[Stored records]

_ _ _ _ _

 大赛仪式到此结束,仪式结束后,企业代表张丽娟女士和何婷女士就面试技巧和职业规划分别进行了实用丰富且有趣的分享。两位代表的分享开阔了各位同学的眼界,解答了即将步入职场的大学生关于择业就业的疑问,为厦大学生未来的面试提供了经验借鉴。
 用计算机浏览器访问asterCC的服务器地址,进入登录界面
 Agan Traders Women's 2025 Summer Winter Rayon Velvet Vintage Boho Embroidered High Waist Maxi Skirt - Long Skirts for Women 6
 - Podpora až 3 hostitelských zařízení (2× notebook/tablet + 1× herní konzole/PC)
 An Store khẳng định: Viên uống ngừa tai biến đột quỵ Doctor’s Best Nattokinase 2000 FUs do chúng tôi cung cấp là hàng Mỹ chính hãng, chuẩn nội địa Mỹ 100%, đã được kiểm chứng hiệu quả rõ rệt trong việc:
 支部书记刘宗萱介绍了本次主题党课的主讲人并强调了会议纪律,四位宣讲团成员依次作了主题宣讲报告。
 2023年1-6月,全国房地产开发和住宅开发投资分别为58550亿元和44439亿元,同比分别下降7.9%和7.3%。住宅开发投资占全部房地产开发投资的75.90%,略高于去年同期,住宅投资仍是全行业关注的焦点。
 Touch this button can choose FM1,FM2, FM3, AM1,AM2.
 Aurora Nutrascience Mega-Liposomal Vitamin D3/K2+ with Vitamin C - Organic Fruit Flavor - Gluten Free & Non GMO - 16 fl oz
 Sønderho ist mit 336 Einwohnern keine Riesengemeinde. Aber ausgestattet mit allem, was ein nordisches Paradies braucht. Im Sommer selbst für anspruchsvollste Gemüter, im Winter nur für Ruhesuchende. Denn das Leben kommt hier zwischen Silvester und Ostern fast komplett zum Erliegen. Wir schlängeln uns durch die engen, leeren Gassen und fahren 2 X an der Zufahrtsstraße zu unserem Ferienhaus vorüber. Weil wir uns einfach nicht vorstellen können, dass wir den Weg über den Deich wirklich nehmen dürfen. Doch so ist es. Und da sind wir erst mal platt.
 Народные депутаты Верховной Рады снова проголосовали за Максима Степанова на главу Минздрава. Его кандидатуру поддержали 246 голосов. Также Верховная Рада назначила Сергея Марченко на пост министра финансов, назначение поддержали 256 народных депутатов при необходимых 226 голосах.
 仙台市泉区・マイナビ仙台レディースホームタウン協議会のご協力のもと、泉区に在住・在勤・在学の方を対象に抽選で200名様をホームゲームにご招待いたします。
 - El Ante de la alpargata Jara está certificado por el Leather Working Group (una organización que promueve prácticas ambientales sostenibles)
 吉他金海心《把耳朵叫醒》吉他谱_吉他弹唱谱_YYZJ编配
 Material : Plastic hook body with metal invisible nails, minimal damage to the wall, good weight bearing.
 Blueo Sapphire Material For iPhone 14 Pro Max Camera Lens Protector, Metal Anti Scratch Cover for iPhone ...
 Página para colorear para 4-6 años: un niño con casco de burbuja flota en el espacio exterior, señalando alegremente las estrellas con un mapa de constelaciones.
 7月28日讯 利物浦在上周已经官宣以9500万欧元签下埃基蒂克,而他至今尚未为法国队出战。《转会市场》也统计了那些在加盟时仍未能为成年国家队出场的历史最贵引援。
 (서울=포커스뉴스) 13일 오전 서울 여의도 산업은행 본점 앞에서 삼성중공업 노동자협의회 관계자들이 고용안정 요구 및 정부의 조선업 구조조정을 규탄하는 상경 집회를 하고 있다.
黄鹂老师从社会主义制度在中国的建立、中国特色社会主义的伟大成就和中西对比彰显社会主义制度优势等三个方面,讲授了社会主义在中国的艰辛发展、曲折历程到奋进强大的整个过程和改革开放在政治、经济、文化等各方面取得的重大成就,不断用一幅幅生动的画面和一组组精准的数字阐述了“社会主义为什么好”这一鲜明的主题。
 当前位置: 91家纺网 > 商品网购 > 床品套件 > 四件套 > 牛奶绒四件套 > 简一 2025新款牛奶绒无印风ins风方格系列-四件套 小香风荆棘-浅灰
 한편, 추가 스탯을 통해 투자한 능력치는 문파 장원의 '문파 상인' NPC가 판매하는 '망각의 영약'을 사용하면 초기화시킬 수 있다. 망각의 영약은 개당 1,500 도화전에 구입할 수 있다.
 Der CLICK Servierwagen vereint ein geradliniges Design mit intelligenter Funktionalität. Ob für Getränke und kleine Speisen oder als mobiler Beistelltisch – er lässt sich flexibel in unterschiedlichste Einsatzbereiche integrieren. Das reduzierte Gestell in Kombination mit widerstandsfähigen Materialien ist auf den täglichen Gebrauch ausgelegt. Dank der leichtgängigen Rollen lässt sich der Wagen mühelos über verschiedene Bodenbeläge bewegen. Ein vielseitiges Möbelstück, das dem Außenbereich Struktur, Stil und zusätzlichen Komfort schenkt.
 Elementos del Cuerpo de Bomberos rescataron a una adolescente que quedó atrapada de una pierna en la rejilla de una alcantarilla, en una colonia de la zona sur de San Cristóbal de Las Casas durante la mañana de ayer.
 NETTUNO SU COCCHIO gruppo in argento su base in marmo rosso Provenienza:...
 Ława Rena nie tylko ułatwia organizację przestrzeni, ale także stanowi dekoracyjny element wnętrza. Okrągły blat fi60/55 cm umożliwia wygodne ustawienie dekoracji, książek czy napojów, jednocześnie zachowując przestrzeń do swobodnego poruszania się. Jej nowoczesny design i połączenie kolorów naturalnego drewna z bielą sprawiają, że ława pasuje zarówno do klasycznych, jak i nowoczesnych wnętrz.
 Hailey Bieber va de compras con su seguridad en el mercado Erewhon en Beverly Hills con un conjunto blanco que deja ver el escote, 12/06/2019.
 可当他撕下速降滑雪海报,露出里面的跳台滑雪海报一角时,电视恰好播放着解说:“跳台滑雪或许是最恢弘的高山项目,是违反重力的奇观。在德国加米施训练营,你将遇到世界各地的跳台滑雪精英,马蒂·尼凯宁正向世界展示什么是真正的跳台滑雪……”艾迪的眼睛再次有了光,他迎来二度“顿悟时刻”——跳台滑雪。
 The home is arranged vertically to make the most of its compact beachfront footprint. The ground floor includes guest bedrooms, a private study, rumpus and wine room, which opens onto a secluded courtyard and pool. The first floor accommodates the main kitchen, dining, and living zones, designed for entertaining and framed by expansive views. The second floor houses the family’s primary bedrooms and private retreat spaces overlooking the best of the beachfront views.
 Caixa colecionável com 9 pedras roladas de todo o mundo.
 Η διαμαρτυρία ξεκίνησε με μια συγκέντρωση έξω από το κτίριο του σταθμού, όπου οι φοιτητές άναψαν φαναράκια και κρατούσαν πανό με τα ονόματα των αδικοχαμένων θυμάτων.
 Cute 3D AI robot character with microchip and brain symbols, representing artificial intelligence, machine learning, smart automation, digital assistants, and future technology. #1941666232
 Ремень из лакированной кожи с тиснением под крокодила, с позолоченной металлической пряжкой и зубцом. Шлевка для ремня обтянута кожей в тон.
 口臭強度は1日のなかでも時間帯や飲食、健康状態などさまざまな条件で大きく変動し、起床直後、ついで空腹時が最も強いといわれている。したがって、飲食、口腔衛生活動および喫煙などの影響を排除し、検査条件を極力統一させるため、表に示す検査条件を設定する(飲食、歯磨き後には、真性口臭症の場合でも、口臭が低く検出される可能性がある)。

_ _ _ _ _

## Aim of the task
Starting at the first line of the data above, retype each line exactly until you reach the line containing "- Podpora až", and include that line too.

## Result for this exercise
 大赛仪式到此结束,仪式结束后,企业代表张丽娟女士和何婷女士就面试技巧和职业规划分别进行了实用丰富且有趣的分享。两位代表的分享开阔了各位同学的眼界,解答了即将步入职场的大学生关于择业就业的疑问,为厦大学生未来的面试提供了经验借鉴。
 用计算机浏览器访问asterCC的服务器地址,进入登录界面
 Agan Traders Women's 2025 Summer Winter Rayon Velvet Vintage Boho Embroidered High Waist Maxi Skirt - Long Skirts for Women 6
 - Podpora až 3 hostitelských zařízení (2× notebook/tablet + 1× herní konzole/PC)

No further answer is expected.